A Deep Conditioning Treatment of Neural Networks
This work addresses the fundamental problem of understanding depth's role in neural network optimization for researchers, offering incremental theoretical extensions and practical insights.
The paper investigates how depth enhances the trainability of overparameterized neural networks by improving the conditioning of kernel matrices, applicable to various activation functions. It generalizes prior results on depth-related learnability degradation and demonstrates benign overfitting in deep networks, with experiments suggesting normalized ReLU can replace Batch Normalization.
We study the role of depth in training randomly initialized overparameterized neural networks. We give a general result showing that depth improves trainability of neural networks by improving the conditioning of certain kernel matrices of the input data.

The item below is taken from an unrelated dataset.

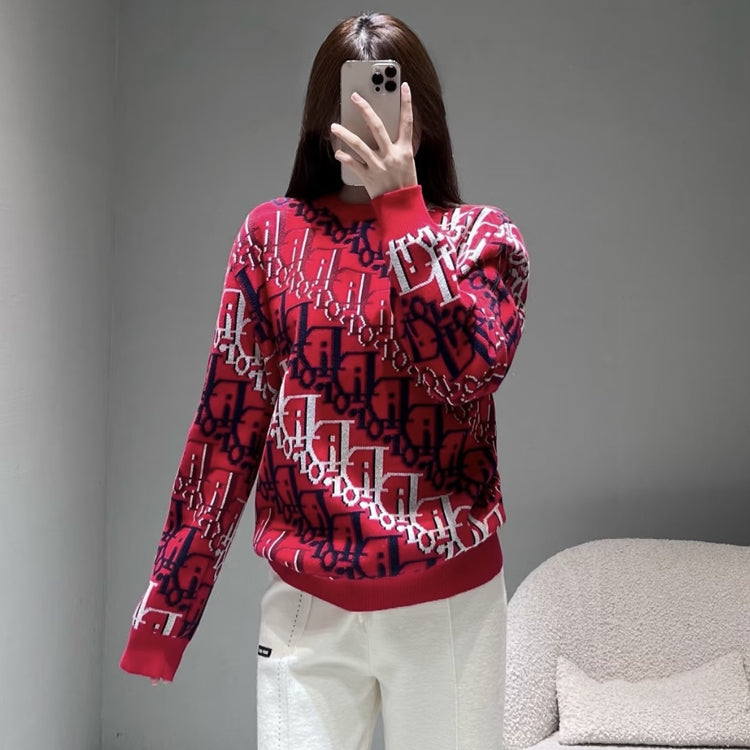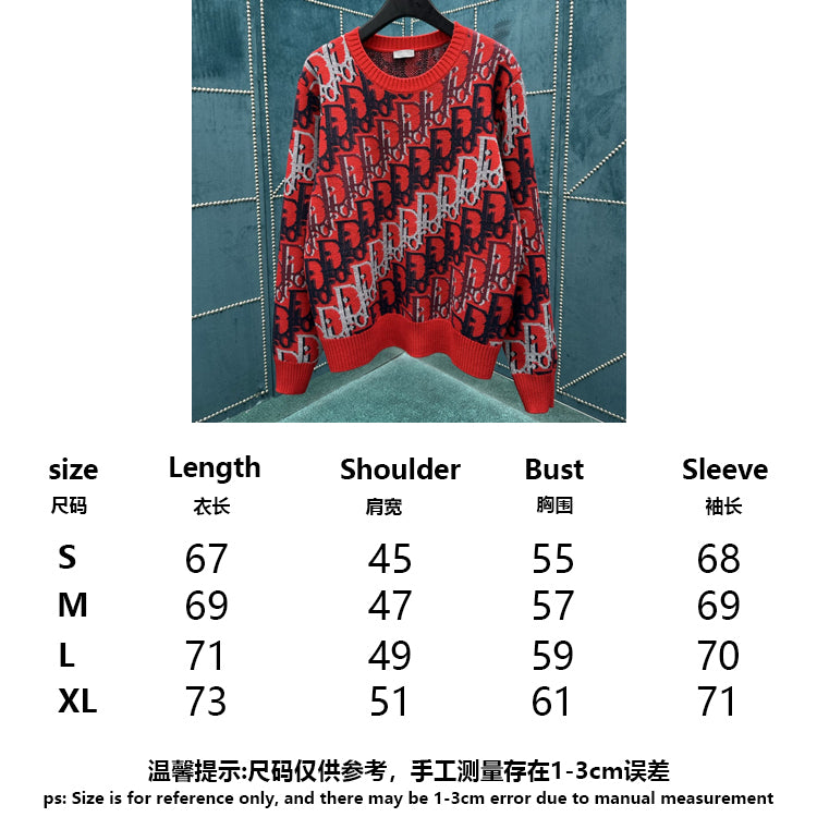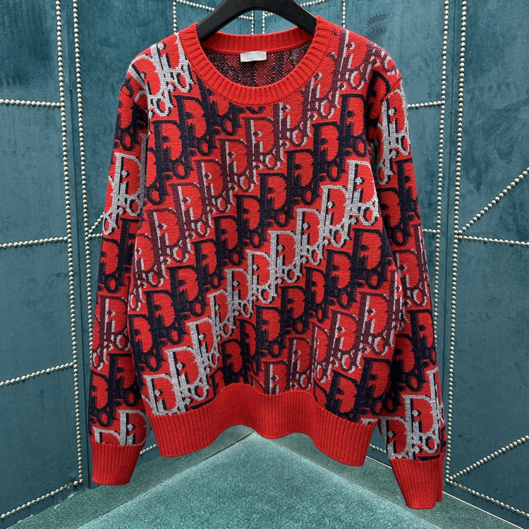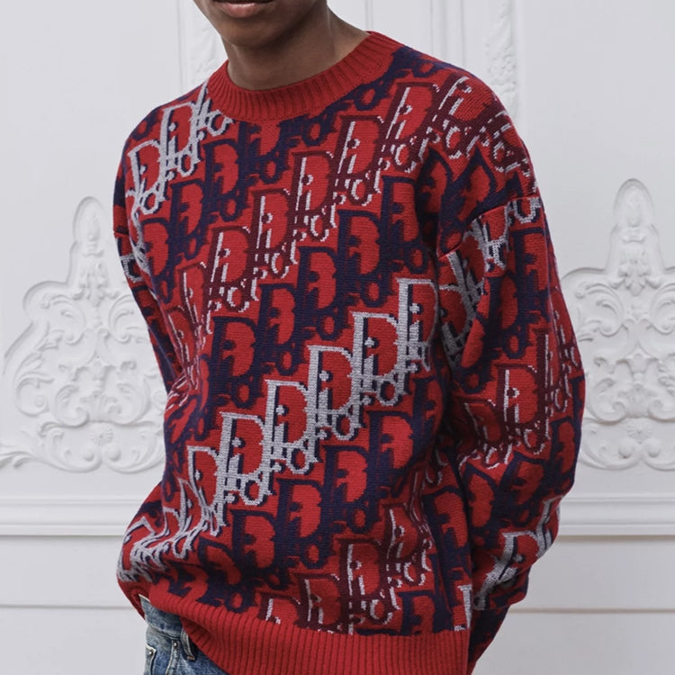 The Oblique print on the red sheep wool jacquard fabric highlights Dior's classic Oblique print pattern on this knitted sweater. Crafted with red sheep wool jacquard fabric and adorned with Oblique prints throughout, adding a fresh touch to the classic silhouette. Can add personalized style to various leisure styles.

This result holds for arbitrary non-linear activation functions under a certain normalization. We provide versions of the result that hold for training just the top layer of the neural network, as well as for training all layers, via the neural tangent kernel. As applications of these general results, we provide a generalization of the results of Das et al. (2019) showing that learnability of deep random neural networks with a large class of non-linear activations degrades exponentially with depth. We also show how benign overfitting can occur in deep neural networks via the results of Bartlett et al. (2019b). We also give experimental evidence that normalized versions of ReLU are a viable alternative to more complex operations like Batch Normalization in training deep neural networks.